We know that microplastic pollution is a growing issue around the world, but how widespread is the problem? Janice Brahney, a researcher at the Department of Watershed Sciences, Utah State University in Logan, Utah, along with researchers at Salt Lake Community College, conducted a study of accumulate microplastic particles from remote areas of the western United States published in Science Magazine.
The study found significant rates of microplastic depositions from sources such as microbeads from paints and personal care products, and microfibers from clothing and industrial applications. These materials were found in both wet- and dry-deposited sample sources, concluding, “deposition rates averaged 132 plastics per square meter per day, which amounts to >1000 metric tons of plastic deposition to western U.S. protected lands annually.”

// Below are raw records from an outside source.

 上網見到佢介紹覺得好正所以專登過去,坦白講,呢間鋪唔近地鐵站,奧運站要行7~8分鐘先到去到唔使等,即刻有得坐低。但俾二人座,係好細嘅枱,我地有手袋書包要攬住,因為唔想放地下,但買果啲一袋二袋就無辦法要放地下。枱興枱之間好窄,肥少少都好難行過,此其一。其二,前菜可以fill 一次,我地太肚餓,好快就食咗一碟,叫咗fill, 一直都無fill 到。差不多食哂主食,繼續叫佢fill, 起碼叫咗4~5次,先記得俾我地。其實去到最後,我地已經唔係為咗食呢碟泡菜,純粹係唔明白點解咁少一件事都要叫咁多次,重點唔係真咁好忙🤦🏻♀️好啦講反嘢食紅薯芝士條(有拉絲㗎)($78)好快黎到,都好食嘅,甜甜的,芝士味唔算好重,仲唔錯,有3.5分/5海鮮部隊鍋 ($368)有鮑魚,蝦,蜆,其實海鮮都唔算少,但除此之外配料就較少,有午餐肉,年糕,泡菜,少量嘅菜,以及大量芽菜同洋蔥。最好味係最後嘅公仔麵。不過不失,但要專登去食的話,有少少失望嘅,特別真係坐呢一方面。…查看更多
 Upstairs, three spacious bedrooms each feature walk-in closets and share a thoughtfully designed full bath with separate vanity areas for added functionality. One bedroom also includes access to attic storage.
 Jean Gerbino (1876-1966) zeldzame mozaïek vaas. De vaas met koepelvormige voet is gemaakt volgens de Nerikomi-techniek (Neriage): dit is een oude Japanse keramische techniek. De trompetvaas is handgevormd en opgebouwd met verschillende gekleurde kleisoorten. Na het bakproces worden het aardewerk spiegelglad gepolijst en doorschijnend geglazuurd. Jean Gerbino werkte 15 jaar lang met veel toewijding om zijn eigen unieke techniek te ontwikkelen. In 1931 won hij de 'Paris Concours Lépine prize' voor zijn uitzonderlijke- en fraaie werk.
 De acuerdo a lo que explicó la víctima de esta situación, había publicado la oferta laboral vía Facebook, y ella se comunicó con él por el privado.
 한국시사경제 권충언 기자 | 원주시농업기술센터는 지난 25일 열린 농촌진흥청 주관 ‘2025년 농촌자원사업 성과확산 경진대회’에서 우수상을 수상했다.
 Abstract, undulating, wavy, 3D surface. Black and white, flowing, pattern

While certain microplastics in the study could be visually identified and counted by color, identifying many microplastics required the help of scientific instrumentation. Fourier-transform infrared (FTIR) spectroscopy is a fingerprinting analytical technique that compares collected samples with a database of known chemical compounds and is ideal for classifying polymeric materials.

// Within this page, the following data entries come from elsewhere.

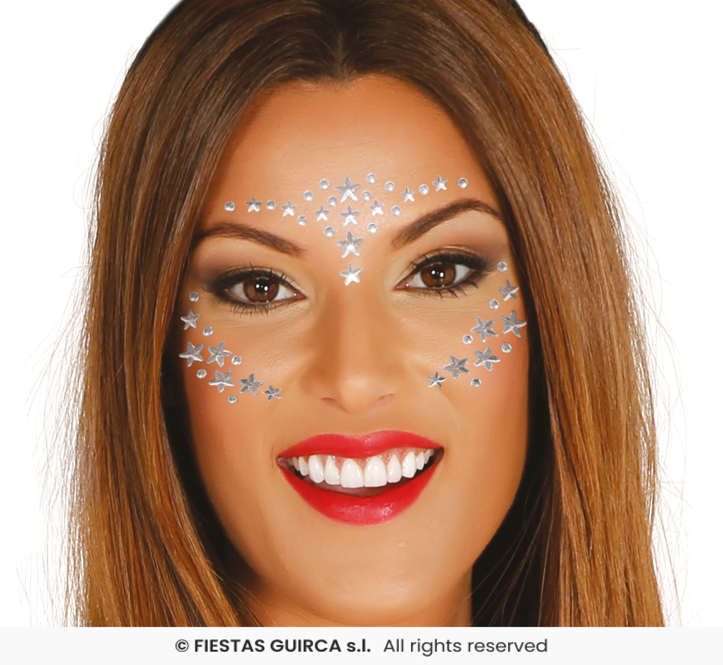 Upeat nyttävät ihotimantit, joilla koristele kasvosi niin juhliin kuin festareille! ihotimantit ovat hopeanvärisiä timantteja. Pakkauksessa on niin tähtitimantteja, sydämiä kuin palloja. Voit käyttää timantteja yksinään tai sommitella niistä kuvan mukaisen kuvion.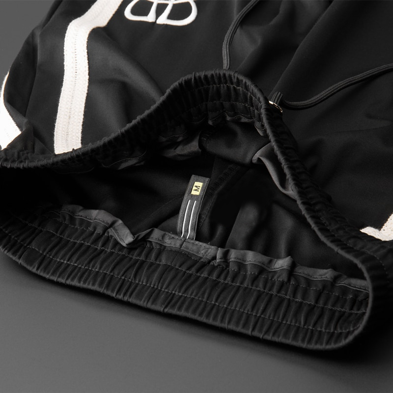 Cut to a relaxed fit, the pair boasts an elasticated waistband accompanied by lighter drawstrings.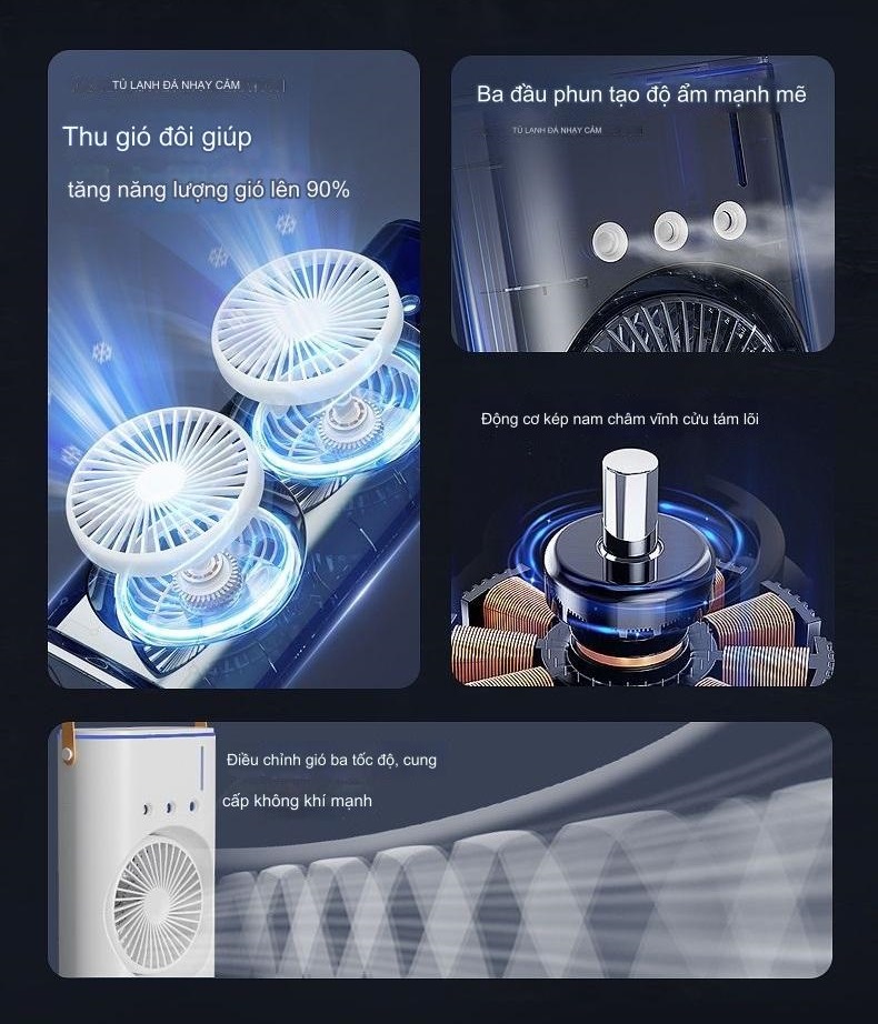 - Dung tích bình nước: 45L - Lưu lượng gió: 5.500m3/h - Kích thước: 470mm x 380mm x 990mm - Điện Áp: AC 220v-240V/50Hz - Công suất: 90W - Trọng lượng : 14.5 Kg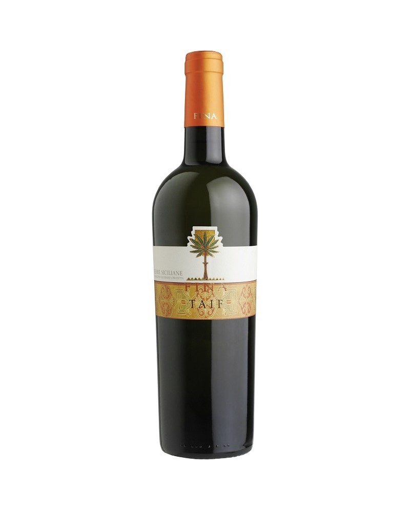 Taif zibibbo Fina in bottiglia da 75cl. Vino bianco rotondo, minerale, fresco, con ampio bouquet aromatico che spazia da profumi fruttati di pesca e mandarino a sentori erbacei di salvia, per chiudersi su note floreali di rosa e glicine. In bocca ha una nota inizialmente calda subito bilanciata dalla fresca e piacevole acidità.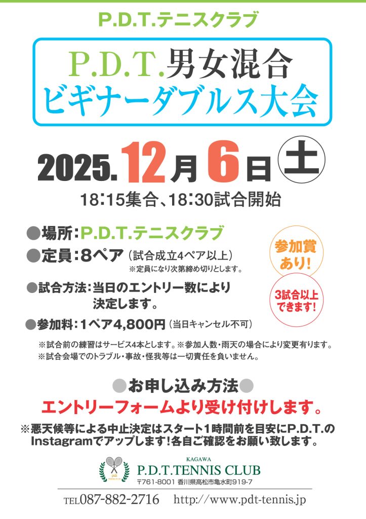 P.D.T.男女混合ビギナーダブルス大会(2025.12.6)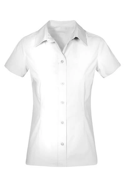 Ein klassisches Kurzarmhemd aus Popeline-Mischgewebe mit verstärktem Kentkragen und farblich abgestimmter Knopfleiste sowie einer separaten Brusttasche mit Ersatzknöpfen. Besonderheiten dieses Shirts: pflegeleichtes Mischgewebe, Abnäher vorne und hinten, doppelter Rückensattel, abgerundeter Saum, aus gekämmter Baumwolle mit Polyester. Das Shirt hat einen modernen Schnitt.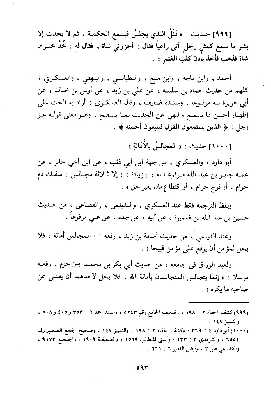 1000 - حَدِيث: الْمَجَالِسُ بِالأَمَانَةِ، أبو داود والعسكري من جهة ابن أبي ذيب عن ابن أخي جابر عن عمه جابر بن عبد اللَّه مرفوعا به بزيادة: إلا ثلاثة مجالس: سفك دم حرام، أو فرج حرام، أو اقتطاع مال بغير حق، ولفظ الترجمة فقط عند العسكري والديلمي والقضاعي من حديث حسين بن عبد اللَّه بن ضميرة عن أبيه عن جده عن علي مرفوعا، وعند الديلمي من حديث أسامة بن زيد رفعه: المجالس أمانة، فلا يحل لمؤمن أن يرفع على مؤمن قبيحا، ولعبد الرزاق في جامعه من حديث أبي بكر بن محمد بن حزم رفعه مرسلا: إنما يتجالس المتجالسان بأمانة اللَّه، فلا يحل لأحدهما أن يفشي عن صاحبه ما يكره،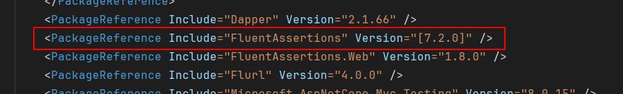 <PackageReference Include="FluentAssertions" Version="[7.0.0]" />如此 NuGet 將只還原 7.0.0,不會自動拉取 8.x 以上版本,同時仍可獲得官方釋出的安全與重要更新。
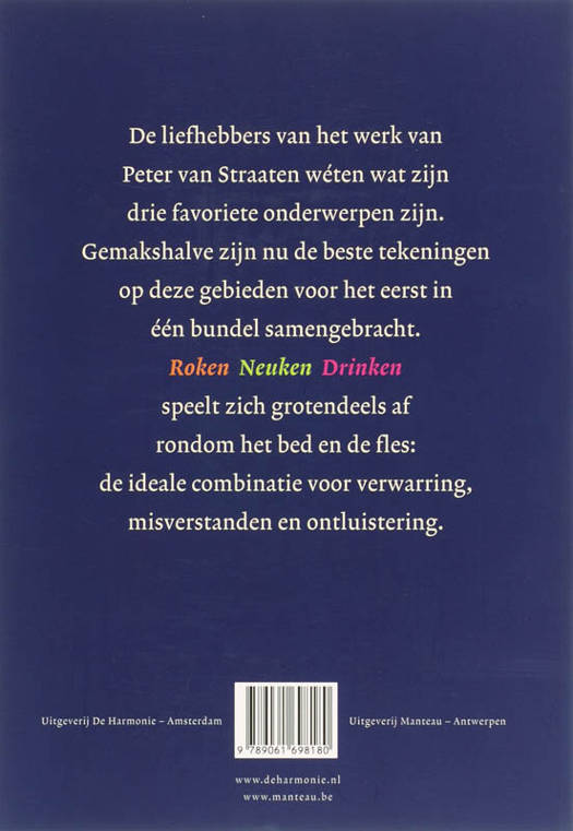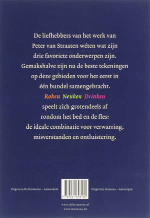 De liefhebbers van het werk van Peter van Straaten w n wat zijn drie favoriete onderwerpen zijn. Gemakshalve zijn nu de beste tekeningen op deze gebieden voor het eerst in bundel samengebracht. Roken Neuken Drinken spelt zich grotendeels af rondom het bed en de fles: de ideale combinatie voor verwarring, misverstanden en ontluistering.

The Utah research team turned to Suja Sukumaran, a spectroscopy scientist here at Thermo Fisher, to assist identifying polymer compositions of microplastics in dust particles collected on filters. They found that using an FTIR particle mapping technique, “2.5 to 5% (on average 4%) of the identifiable dust particles were synthetic polymers.”

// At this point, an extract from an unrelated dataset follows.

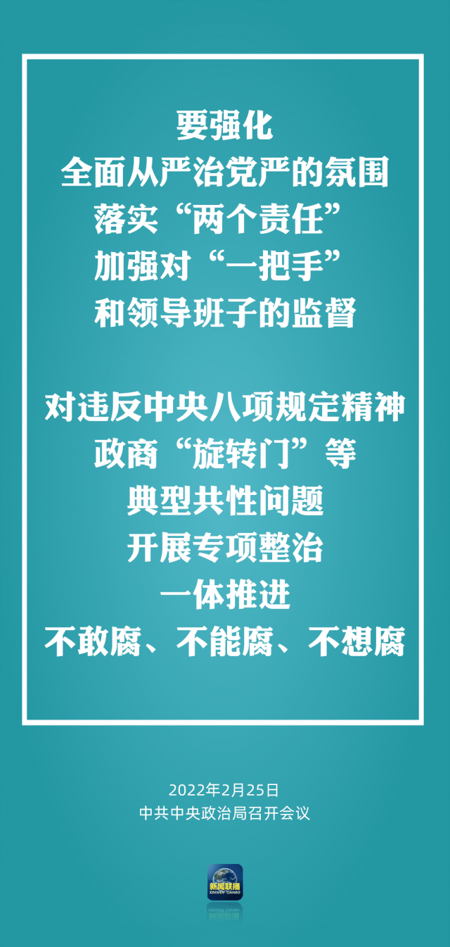 中共中央政治局2月25日召開會議,討論國務院擬提請第十三屆全國人民代表大會第五次會議審議的《政府工作報告》稿,審議《關于十九屆中央第八輪巡視情況的綜合報告》和《關于2021年中央巡視工作領導小組重點工作情況的報告》。中共中央總書記習近平主持會議。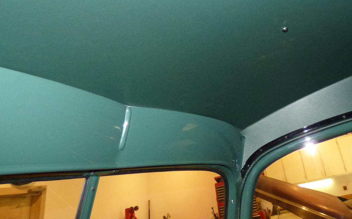 I believe that if your pickup was to have a inside rearview mirror, there would be dimples in the metal header above the windshield mouldings. This would be similar to the dimples in the metal header if there were to be sun visors in vehicles. You may have passenger vehicle interior mirrors and that is why the mirror brackets do not line up. Hopefully a late 40's pickup owner will reply and clarify.

An important part of the study was to determine the source, transport and distribution of these polymers. They found that microplastics deposited in wet conditions were larger in size, but less frequent, and were distributed from regional sources. “This observation reflects the role of regional storms in the entrainment and subsequent rainout of microplastics, as these storms often pass through urban centers or over erodible soils,” the authors noted.
In comparison, dry deposited plastics were smaller and accounted for over 75 percent of the accumulated plastic mass, representing distribution from broad-scale atmospheric patterns. “This suggests that dry deposited plastics are subject to large-scale, global dispersion,” the report states.
The report concludes that while urban centers are the initial source of microplastic pollution, they accumulate over time and transport over long distances, including remote areas of the western United States. “Identifying the key mechanisms underpinning plastic emissions to the atmosphere is the first step in developing scalable solutions.”